Cuando Sylvia, Alicia y Stacia salieron de la luz, fueron recibidas por una extensión sin horizonte.
Sobre ellas se extendía un cielo lleno de estrellas.
Millones de estrellas colgaban como gotas cristalinas esparcidas por la noche. No había tierra negra aquí, ni piedra de obsidiana, solo una vasta llanura plateada brillando como un espejo, reflejando todo infinitamente en todas direcciones. Cada paso que daban resonaba suavemente, ondulando hacia el infinito.
Sylvia estaba al frente, sus ojos carmesí mirando hacia arriba.
—…Hermoso —murmuró en voz baja.
El sonido era apenas audible, pero Alicia sonrió levemente. —Es raro que veamos un cielo así, ¿verdad?
Stacia también miró hacia arriba, aunque su rostro permanecía tenso. —Es hermoso… pero está mal.
Sylvia se volvió hacia ella. —¿Mal?
Stacia asintió. —Esas estrellas… están demasiado cerca.
Alicia entrecerró los ojos, concentrándose en una de las estrellas más brillantes sobre ellas. Al principio, parecía distante e inofensiva. Pero momentos después, creció más grande.
La luz se intensificó.
El punto de brillantez se convirtió en un orbe dorado pulsante, su resplandor reflejándose en la superficie similar a un espejo bajo sus pies.
—Stacia —dijo Sylvia con brusquedad—, ¿qué tan cerca está eso?
Stacia abrió apresuradamente su grimorio, trazando la presión de maná atmosférico a su alrededor.
—…Eso no es una estrella —dijo tensamente—. ¡Es algo que cae hacia nosotras!
En el momento en que habló, el cielo se estremeció.
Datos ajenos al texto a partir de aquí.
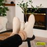 отлично согревают, при этом ноги в них не потеют, это обусловлено строением шерстяных волокон. Верхний слой шерстинки покрыт чешуйками между которыми находится значительное количество воздуха, поэтому шерстяные волокна менее теплопроводны и поддерживают постоянную температуры тела;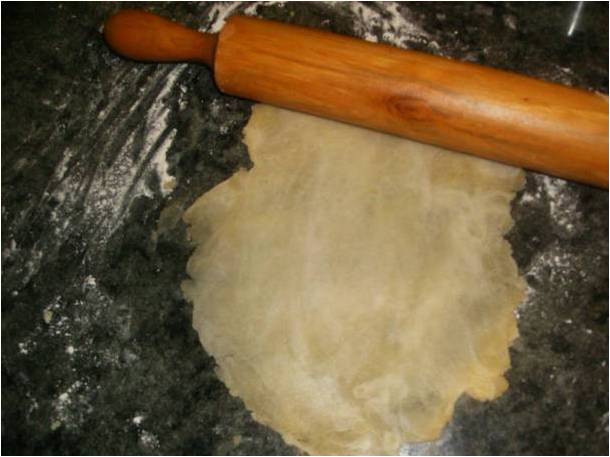 Espolvoreamos la mesa, y tómanos porciones pequeñas y estiramos con el rodillo, dejándola fina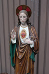 antique XL 67 cm height ceramic chalk statue of a sacred heart christvery beautifulslight wear see pics1900s

Otras estrellas comenzaron a pulsar como corazones vivientes. La que estaba sobre ellas brilló intensamente en dorado, cegándolas y luego, con una velocidad aterradora, se movió.
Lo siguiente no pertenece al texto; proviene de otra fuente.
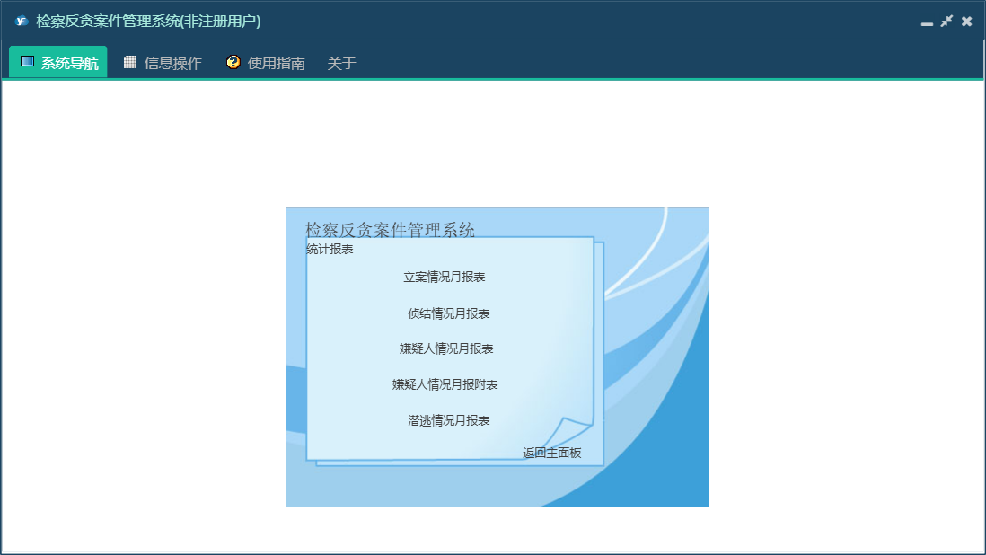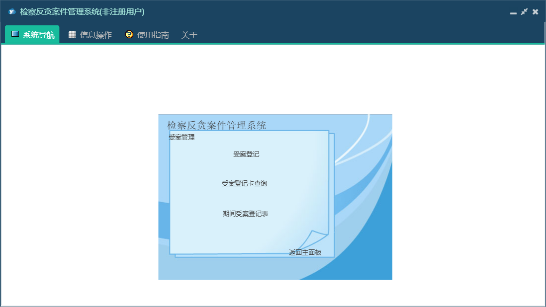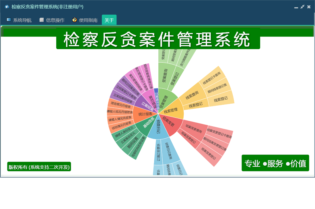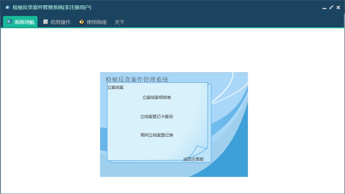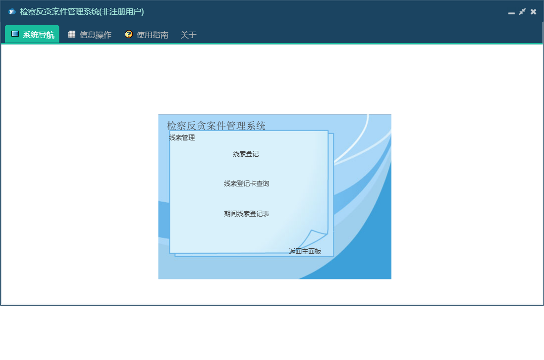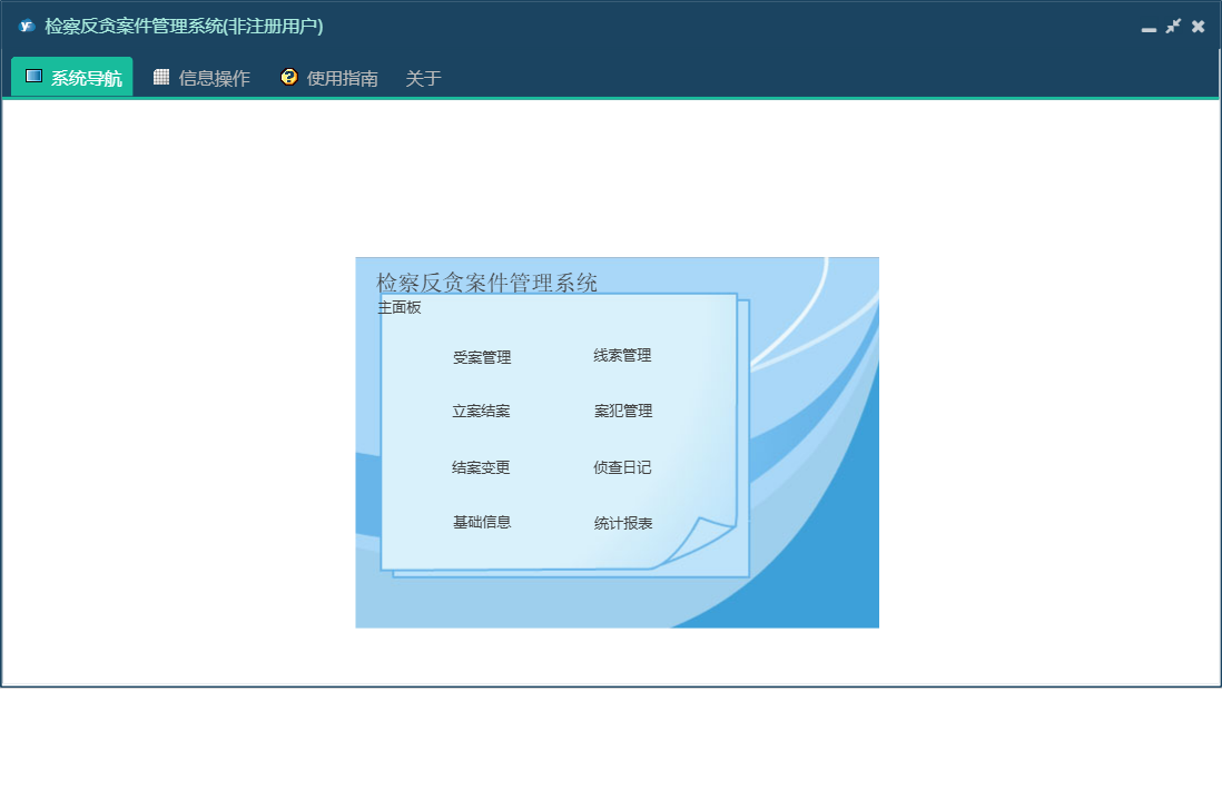 检察反贪案件管理系统包含以下功能:基础信息、线索管理、立案结案、侦查日记、关于、统计、受案管理、贪污贿赂案件登记、案犯管理、结案变更、主面板等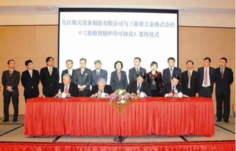 中船集團(tuán)消息:2月28日,中船集團(tuán)公司下屬的九江海天設(shè)備制造有限公司與日本三菱重工業(yè)株式會(huì)社在上海舉行了《三菱船用鍋爐許可協(xié)議》的簽約儀式。這標(biāo)志著雙方的合作正式啟動(dòng),九江海天將引進(jìn)日本三菱船用鍋爐許可證技術(shù),促進(jìn)中船集團(tuán)公司與日本三菱重工的共同發(fā)展。 中船集團(tuán)公司副總經(jīng)理路小彥在會(huì)見日本三菱重工客人時(shí)表示,多年來,中船集團(tuán)公司與日本三菱重工一直有著良好的合作。去年6月,中船集團(tuán)公司與日本三菱重工簽訂了船用鍋爐合作意向書。經(jīng)過近半年的交流和洽談,九江海天與日本三菱重工就引進(jìn)船用鍋爐制造技術(shù)達(dá)成一致意見。此次鍋爐項(xiàng)目的合作不僅填補(bǔ)了中船集團(tuán)公司船用鍋爐配套業(yè)務(wù)的空白,也標(biāo)志著中船集團(tuán)公司與日本三菱重工的合作進(jìn)入了一個(gè)新階段。相信隨著中船集團(tuán)公司與日本三菱重工的不斷發(fā)展,雙方未來的合作空間將會(huì)越來越大。 日本三菱重工原動(dòng)機(jī)事業(yè)本部副事業(yè)本部長(zhǎng)和仁正文在發(fā)言中指出,作為日本船用鍋爐產(chǎn)量第一的企業(yè),三菱重工擁有先進(jìn)的技術(shù)和管理方式。通過此前的多次交流發(fā)現(xiàn),九江海天不僅在工廠設(shè)備、生產(chǎn)能力、品質(zhì)保證等方面比較過硬,而且工作人員也有較高的技術(shù)水平與工作熱忱,是非常值得信賴的合作伙伴。為了加強(qiáng)今后的合作,三菱重工將毫無保留地進(jìn)行技術(shù)支援與營(yíng)銷支持,與中船集團(tuán)公司的造船事業(yè)以及九江市的經(jīng)濟(jì)共同發(fā)展。 據(jù)介紹,鍋爐產(chǎn)品是九江海天重點(diǎn)開發(fā)的產(chǎn)品,這與三菱重工欲在中國(guó)做大船用鍋爐市場(chǎng)的理念不謀而合。此次雙方合作的鍋爐產(chǎn)品將主要涉及燃油鍋爐、廢氣鍋爐、燃油/廢氣組合鍋爐,蒸發(fā)量為2~55蒸噸,其配套范圍基本上覆蓋了國(guó)內(nèi)的現(xiàn)有市場(chǎng)船型。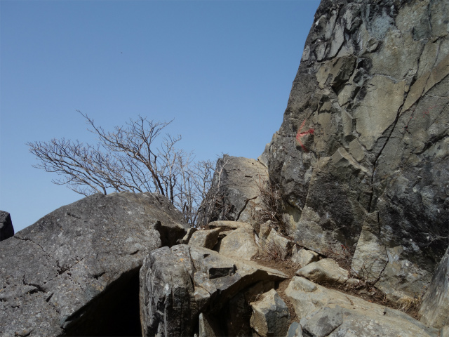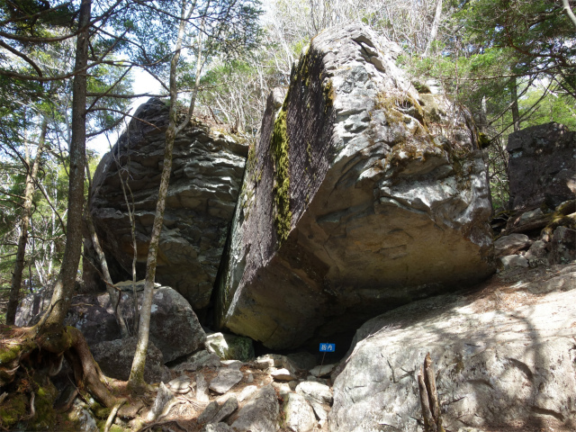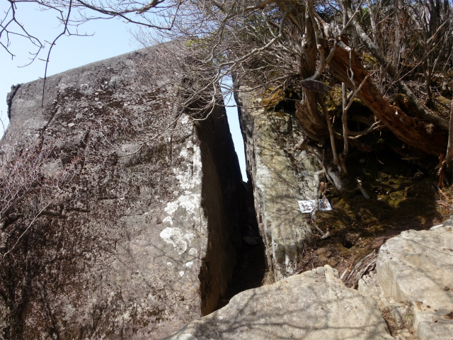 岩の合間の鎖場を経て、2本目の鎖場を登りきると大きな割れ目が特徴の髭剃岩の前に出ます。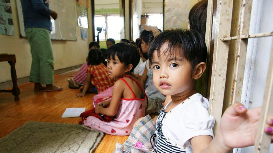 A Chin child peers out the doorway of the refugee-run school she attends in Malaysia, January 2009.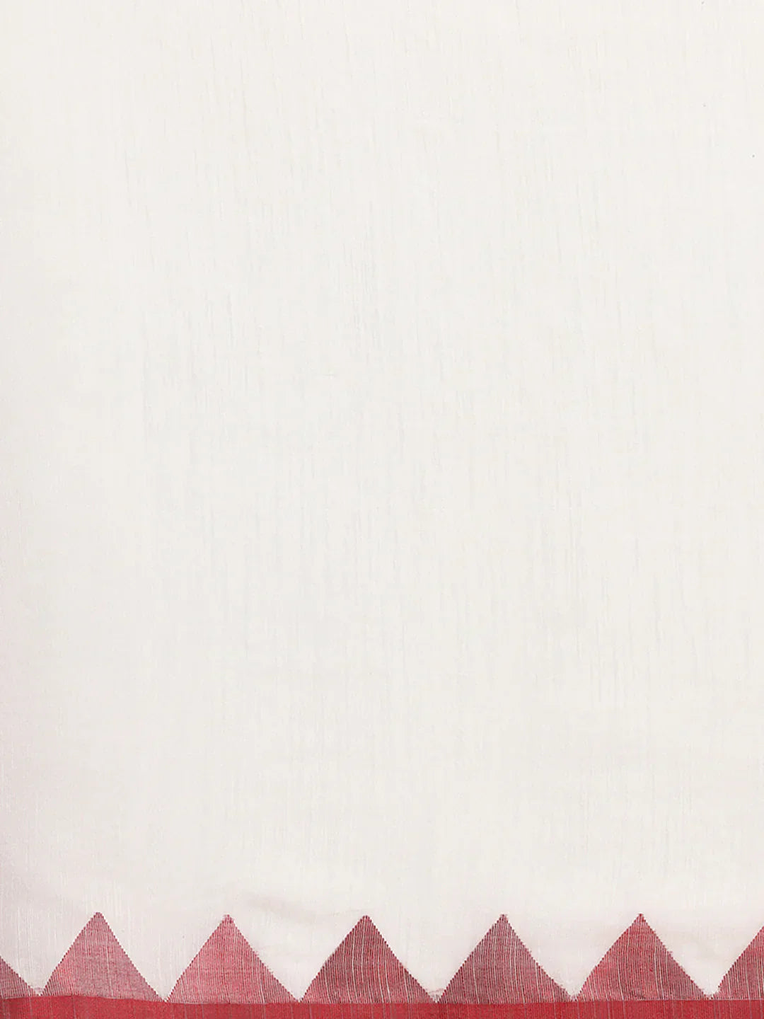 White-Red Silk Cotton Saree with Temple Border and Blouse piece

—¡Defensa completa! ¡AHORA! —rugió Sylvia.
Las tres se movieron en perfecta unión.
Sylvia chasqueó los dedos, el suelo se agrietó, y de él crecieron afiladas ramas negras de madera metálica.
Madera del Inframundo: Escudo de Raíz Eterna.
Las ramas se enroscaron juntas, formando una cúpula masiva alrededor de ellas.
—¡Primera capa arriba! —gritó Sylvia.
Levantó su mano. Cientos de cadenas negras brotaron de su sombra, extendiéndose para formar un vasto círculo, cada eslabón brillando con luz violeta.
Técnica de Cadenas: ¡Escudo!
Se cerraron alrededor de la cúpula de madera, endureciéndose en una coraza exterior tan fuerte como el acero inmortal.
Alicia levantó su bastón en alto.
—¡Protección del Alma – Formación Multicapa!
Tres gigantescos círculos mágicos aparecieron sobre ellas, girando lentamente como engranajes divinos en el cielo. Cada uno irradiaba poder defensivo contra la fuerza, el calor y la distorsión espacial.
La voz de Stacia se unió después, temblando por la creciente presión de energía.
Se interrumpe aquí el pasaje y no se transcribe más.